Di solito verso il quarto giro di carte è già tutto molto chiaro: per cui se la carta del gatto capo spia ancora non è uscita, si deve stare all’erta per essere il primo a posizionare il proprio talloncino su di essa, avendo magari già individuato uno scagnozzo in alternativa.

Considerando che, appunto, il twist del gioco è la deduzione degli indizi degli altri, a mio parere il gioco dà il meglio di sé in 5 giocatori: avere un indizio pubblico (oltretutto che compare all’improvviso durante il gioco) non fa altro che aumentare l’aspetto della prontezza di riflessi a discapito di quella di elaborazione delle informazioni.

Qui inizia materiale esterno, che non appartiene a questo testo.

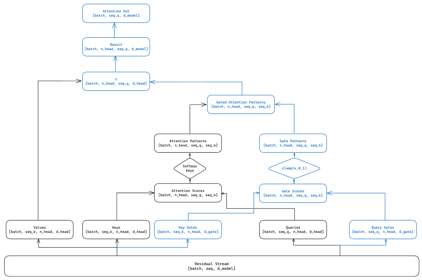We present an architectural change to the traditional attention mechanism that gates the information passed between the QK- and OV-circuits. We train a set of query gates and key gates alongside the attention mechanism’s traditional query and key vectors. The query and key gates are formed by projecting the residual stream from dmodel to dgate using weight and bias matrices; WQGi,WKGi∈Rdmodel×dgate and bQGi,bKGi∈Rdgate for every ith head. These query and key gate vectors are then used to construct a mask of the same shape as the original attention patterns, by taking the dot products of each of the query gates with all of the key gates. Each of these values is passed through a clamp activation function bounding the pattern gate values between 0 and 1. Each of these destination-source position gates form a mask that is overlaid over the attention mechanism’s original attention pattern.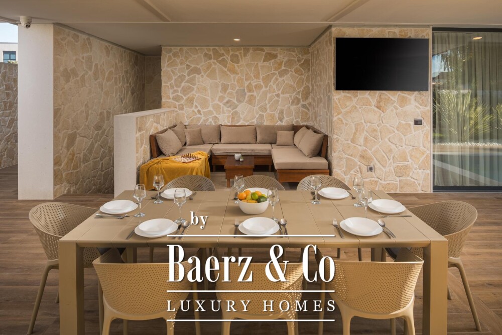 Villa Funtana with pool and roof terrace stands in the heart of Istria, drawing a quiet line between contemporary design and relaxed coastal living. This villa in Funtana comprises 330 m² of living space on a 750 m² plot, just five minutes from the Adriatic shoreline. The modern architecture features an open ground floor where a glass wall connects the living room and dining area to a striking 50 m² swimming pool, creating a luminous core that defines the home’s atmosphere.
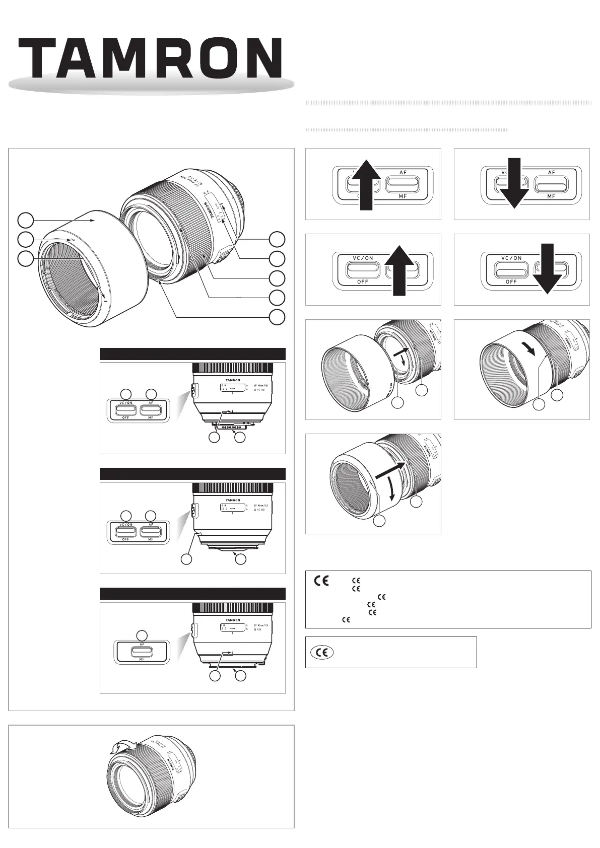 Lies die bedienungsanleitung für Tamron SP 85mm F/1.8 Di VC USD (4 Seiten) kostenlos online; sie gehört zur Kategorie Spiegelreflexkamera. Dieses Handbuch wurde von 57 Personen als hilfreich bewertet und erhielt im Schnitt 3.8 Sterne aus 29 Bewertungen. Hast du eine Frage zu Tamron SP 85mm F/1.8 Di VC USD oder möchtest du andere Nutzer dieses Produkts befragen? Stelle eine Frage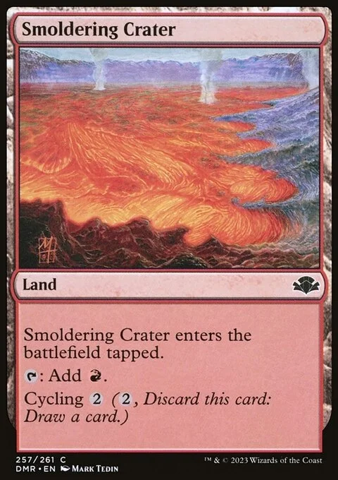 This land enters tapped. {T}: Add {R}. Cycling {2} ({2}, Discard this card: Draw a card.)

Giochino semplice, adatto a tutti o quasi (un minimo di lucidità deduttiva è richiesto), che potrà sorprendervi, magari quando vedrete che vostro figlio di 10 anni è riuscito a capire gli indizi nello stesso tempo che ci avete messo voi, ma è stato più lesto nell’individuare la carta giusta!
Si ringrazia la DEVIR per la copia di review concessaci.